Ces réserves exprimées à l'époque restent d'actualité ; elles ont sans doute également interpellé Flettner et l'ont incité à renoncer à l'utilisation des voiles profilées à bord des grands navires pour se tourner vers le cylindre rotatif. En effet, la question se pose de savoir si la fixation pivotante des voiles profilées sur le pont ne présentera pas un poids trop important, si elle doit résister à toutes les contraintes générées par le roulis du navire et par la pression du vent. Deuxièmement, il convient d’examiner le comportement des voiles profilées en cas de tempête. Il n’est pas question de démonter les panneaux. Rendre les voiles télescopiques reviendrait trop cher pour un navire marchand. Il ne reste donc plus qu’à désaccoupler les voiles, c’est-à-dire à desserrer le dispositif permettant de leur donner l’angle d’attaque nécessaire par rapport au vent. Les voiles peuvent alors se déplacer librement sur leur pivot et s’adapter à tout changement de direction du vent. Grâce à leur section transversale aérodynamique, la résistance du profil, qui s’oriente spontanément dans la direction de la moindre résistance, est nettement inférieure à celle de l’ancien gréement arisé adapté au même navire — tout comme le gouvernail auxiliaire de Flettner dirigeait le gouvernail principal. Si, d’un point de vue théorique, les craintes concernant le comportement des voiles profilées en cas de tempête sont ainsi dissipées, leur mise en œuvre pratique se heurtera néanmoins à une forte résistance. Tout marin s’opposera à l’idée d’avoir à bord une voile rigide sur laquelle il n’a aucun contrôle par gros temps, qu’il devra au contraire laisser à elle-même pour ne pas mettre son navire en danger.
En 1922, Flettner a fait réaliser des essais avec des voiles profilées au Centre d'essais aérodynamiques de Göttingen.
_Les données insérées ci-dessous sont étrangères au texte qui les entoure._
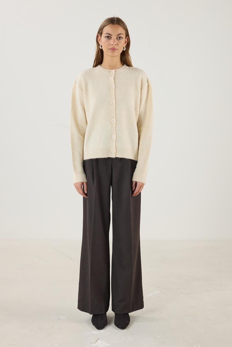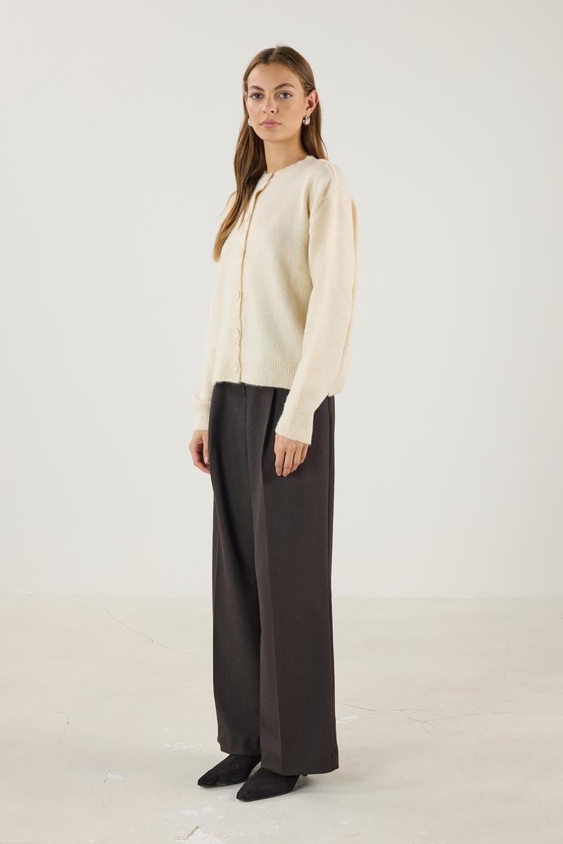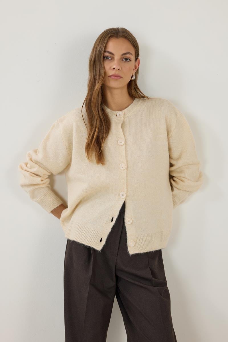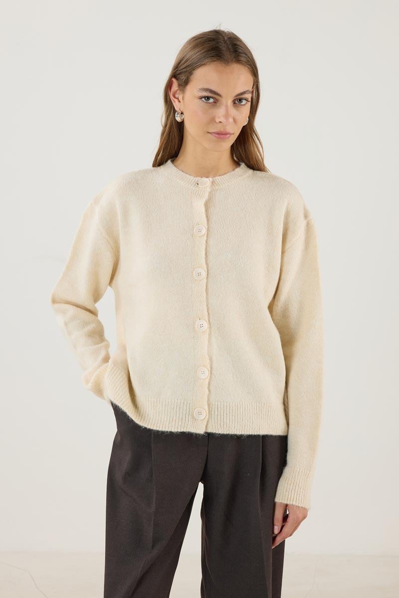 سترة صوفية قصيرة ذات أزرار باللون الكريمي

Ces essais auraient permis d'obtenir un gain de 50 à 60 % par rapport à la voile en toile. Afin d'augmenter le rendement du profil symétrique, Flettner a conçu l'extrémité arrière du profil de manière à ce qu'elle puisse pivoter, ce qui permettait de l'incliner selon un certain angle par rapport à la partie avant. Il a ainsi obtenu une aile asymétrique similaire aux ailes bombées des avions, dont la partie arrière réglable pouvait être orientée d’un côté ou de l’autre en fonction de la direction du vent. L’angle d’attaque par rapport au vent était obtenu grâce à une surface auxiliaire, placée derrière la voile proprement dite, qui commandait la surface principale de la voile.
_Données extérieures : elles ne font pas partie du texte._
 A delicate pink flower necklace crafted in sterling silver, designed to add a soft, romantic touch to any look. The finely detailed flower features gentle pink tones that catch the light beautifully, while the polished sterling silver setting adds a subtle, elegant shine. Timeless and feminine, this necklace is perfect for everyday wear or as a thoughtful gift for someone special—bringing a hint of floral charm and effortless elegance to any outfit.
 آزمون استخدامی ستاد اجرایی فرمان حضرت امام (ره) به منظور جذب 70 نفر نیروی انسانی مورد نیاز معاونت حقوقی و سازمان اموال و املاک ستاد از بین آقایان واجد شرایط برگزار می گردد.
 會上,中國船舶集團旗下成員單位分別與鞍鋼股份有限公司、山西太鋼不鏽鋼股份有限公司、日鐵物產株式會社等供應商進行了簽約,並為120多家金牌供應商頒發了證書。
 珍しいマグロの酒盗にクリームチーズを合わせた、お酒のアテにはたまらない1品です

Le chantier naval Germania de Kiel, qui collaborait avec Flettner dans le domaine des nouveaux systèmes de voilure, a installé à la fin de l'été 1922 sur l'un de ses bateaux de travail une voile profilée dépourvue d'extrémité arrière réglable, mais qui disposait de la surface auxiliaire mentionnée pour permettre l’orientation par rapport au vent. Cette surface auxiliaire est réglée à l’aide d’un volant de commande de manière à ce que la surface principale, libre de tout mouvement, forme l’angle souhaité par rapport à la direction du vent. À ma connaissance, cette voile profilée est restée la seule à avoir été construite en Allemagne. À bord du navire se trouve d’ailleurs l’ingénieur diplômé Corseck, bien connu des lecteurs du magazine « Yacht » pour ses articles sur l’aérodynamique, qui était à l’époque chargé de mener les essais au chantier naval Germania.